Can you try adding a print line to correctSource in udp.go and printing out the dst variable so we can see what it's trying to set the Src address to?

[jolakeng]

This issue is reproducible with below sample UDP program, which I made similar to what is been used in DNS code

package main

import (
"fmt"
"golang.org/x/net/ipv4"
"net"
"os"
)

func changeOOB(oob []byte) []byte {
var dst net.IP
cm4 := new(ipv4.ControlMessage)
if cm4.Parse(oob) == nil {
dst = cm4.Dst
cm4.Dst = cm4.Src
cm4.Src = dst
oob = cm4.Marshal()
}
return oob
}

func checkError(err error) {
if err != nil {
fmt.Println("Error: ", err)
os.Exit(0)
}
}

func main() {
ServerAddr, err := net.ResolveUDPAddr("udp", "127.0.0.1:53")
checkError(err)
ServerConn, err := net.ListenUDP("udp", ServerAddr)
checkError(err)
fmt.Println("listening on :127.0.0.1:53")

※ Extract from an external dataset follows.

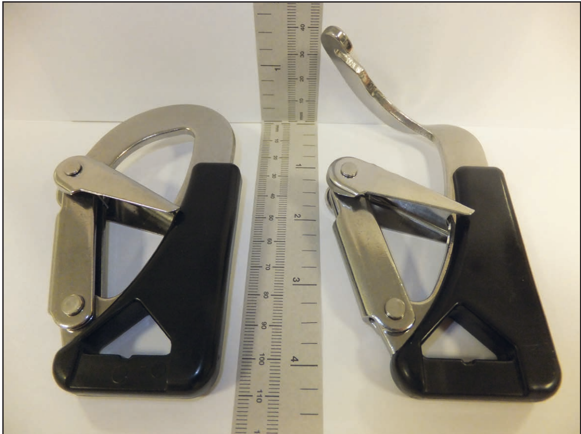
Figure 2: Example of a tether hook and a tether hook after lateral loading

    ipv4.NewPacketConn(ServerConn).SetControlMessage(ipv4.FlagDst|ipv4.FlagInterface, true)
    defer ServerConn.Close()

    b := make([]byte, 1024)

    for {
            oob := make([]byte, 40)
            _, oobn, _, raddr, err := ServerConn.ReadMsgUDP(b, oob)
            checkError(err)
            fmt.Println("recieve OOB:", oob[:oobn])
            newOOB := changeOOB(oob[:oobn])
            fmt.Println("new OOB:", newOOB, " raddr:", raddr)
            _, _, err = ServerConn.WriteMsgUDP(b, newOOB, raddr)
            checkError(err)
    }

}

Output :

listening on :127.0.0.1:53
recieve OOB: [24 0 0 0 0 0 0 0 26 0 0 0 1 0 0 0 0 0 0 0 127 0 0 1]
new OOB: [24 0 0 0 0 0 0 0 26 0 0 0 1 0 0 0 127 0 0 1 0 0 0 0] raddr: 127.0.0.1:57731

Bind before:

udp4 0 0 127.0.0.1.53 .
Bind after:

udp4 0 0 *.53 .

If don't give newOOB to WriteMsgUDP then binding is retained.
So WriteMsgUDP with OOB is causing the issue.

[jolakeng]

Hi @james Hartig<mailto:notifications@github.com> I printed received OOB, DST and Changed OOB in correctSource, here is the output received OOB: [24 0 0 0 0 0 0 0 26 0 0 0 1 0 0 0 0 0 0 0 127 0 0 1] DST: 127.0.0.1 new OOB: [24 0 0 0 0 0 0 0 26 0 0 0 0 0 0 0 127 0 0 1 0 0 0 0] MAC is changing the binding once WriteMsgUDP is done with OOB. If OOB is nil, it’s not changing binding Is there an issue with OOB we are providing? Thanks Joju From: James Hartig <notifications@github.com> Reply-To: miekg/dns <reply@reply.github.com> Date: Thursday, August 16, 2018 at 10:19 PM To: miekg/dns <dns@noreply.github.com> Cc: "Olakengil, Joju" <jolakeng@akamai.com>, Mention <mention@noreply.github.com> Subject: Re: [miekg/dns] UDP DNS: Bind to specific IP is not retained (#724) correctSource

[tmthrgd]

WriteMsgUDP ends up in the sendmsg system call. I can find no mention of any darwin-specific bugs related to this system call.

I'll try and do some more testing on a darwin system shortly, but I'm kind of stumped. It sounds like maybe it's a kernel bug. 🤷‍♂️

[ghost]

Do you think this could be related to #743?

[miekg]

I don't believe this is an issue with this library, as such I'm closing this.